Well, that had been said before. Still, the
saying it again was better than silence; and,
besides, such a common-place repetition might
lead to other and more original remarks.

"It was kind to take the trouble," said
Hester, "and I know that it was necessary to
be done. But I will not go back to Hampton
Court again. Help me, dear madam, that I
may be able to keep away!"

"Have you other friends, my child?" said
the mother.

"No other friends," admitted Hester; "but
I am better without any."

"That is far too sad a speech," said the
mother, "too sad, and not likely to be true."
And she put her hand on the girl's shoulder,
and looked searchingly and pityingly in her
eyes.

"Don't!" said Hester, quickly, fairly turning
her head away. "That is like your music.
I cannot bear it. I do not know it, and it
hurts me." The mother withdrew her gaze, and
dropped away her hand to her side with a sigh.

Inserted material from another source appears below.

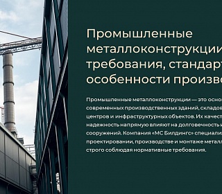 Компания «МС Билдингс» специализируется на проектировании, производстве и монтаже металлоконструкций, строго соблюдая нормативные требования. В этой статье мы рассмотрим ключевые стандарты, особенности изготовления и монтажа, а также преимущества сотрудничества с нашей компанией.

"I must ask you to tell me something of your
story," she said', "of your relations with these
people, before I can make the venture to give
you counsel."

So it all came forth at last, with reservations
and hesitations it is true, for had not Lady
Humphrey, after all mishaps, been a bountiful
protector? And Hester was abashed at her own
ingratitude, even as she felt herself begin to
speak. Still the story of her childhood, her
youth, her dressmaking experiences, and later
young ladyhood, gathered shape out of the
confusion of the telling, and made itself known
somehow to the ear, or at least the mind, of
the listener. Hester had hardly herself known
before how well she had weighed each novelty,
each event, each excitement of her life; been
conscious of its unwholesomeness, been weary
of its unlastingness, been indignant at, and
oppressed by, the injustice that had forced it on
her. The restless dissatisfaction had all been
lying aching at the bottom of her heart. She
had been patient with it, angry with it; had
humoured it, and suffered from it; but she had
never given it a voice before. The nun was
amazed hearing her, that, being young, she had
already so learned to think and speak. Hester
was amazed, hearing herself, that, being old, as
she felt herself, she had never so spoken her
thoughts before.

"I am tired," she said, "of changes and
shocks. I want to know how to think of
myself. Every other person in the world has
some place, but I am one thing to-day, and
another to-morrow. If I am not to be a lady,
I would rather be left alone to get accustomed
to my level among tradespeople. And if I
cannot be loved long, as I know I have no
right, being so low, then neither have those
people who are higher the right to insist upon,
loving me for a little while. Perhaps the peace
of my life is as valuable to me as their whim of
an hour is to them."

So the nun tried no further endearments.
The girl in her present humour was not ready
to put her trust in them; in her present excitement
was, perhaps, not equal to the labour of
fighting them off, according to the habit that
had been trained in her. And the mother said,
quietly, by-and-by: "We will return to all this
another time. Now, if you please, you can
come and see my hospital."

And the mother had a meaning in this abrupt
diversion. Who, in sound health and the
strength of youth, passing down those long
rows of quiet beds, looking on the wasted forms,
the shrivelled hands lying here and there listless
on the coverlet, the marks of pain upon the
weary faces, and detecting only now and then a
half-checked groan or sigh, could help feeling
confounded at the thought of his own
impatience, his fretfulness about the shortcomings of
his fate? He must forget his own sorrow; he
must hang his head and feel ashamed "to sit
down on his little handful of thorns."

Just once did the mother lead Hester round
the wards where the patients lay in mortal pain,
that her young restlessness might be abashed
by the presence of real agony. It was also a
sort of test to which she thought of putting this
girl in whom she had found a new interest.
If Hester shrank and retreated in a weak fear,
she should know how to deal with her in pity.
If the sympathy at her heart, and the awe and
appreciation suddenly widening her mind, kept
her foot unflinchingly on the sad track of pain
to the end, then she should know how to deal
with her in honour and in joy.

The mother passed softly up and down the
little alleys between the beds, now wiping a poor
moist face, now bathing a burning head, now
holding the grateful cup between thirsty lips.
And a broken word followed her here and there;
sometimes it was "God-" and there was
breath for no more; yet such crude beginnings
of prayers as even this may find a listening
angel at hand to take them up and put a finish
to them in Heaven. Or perhaps it was only
the living eloquent eyes that tried to speak
while the tongue was already paralysed by the
swift approach of death. And Hester, all the
while, stood just a little way off, not afraid to
be in such presence, but not daring to draw too
near. The mother looked up at her sometimes
with a smile of indescribable sweetness and
approval, as she stood pale but strong, fixed in a
sort of terrible rapture at what was passing.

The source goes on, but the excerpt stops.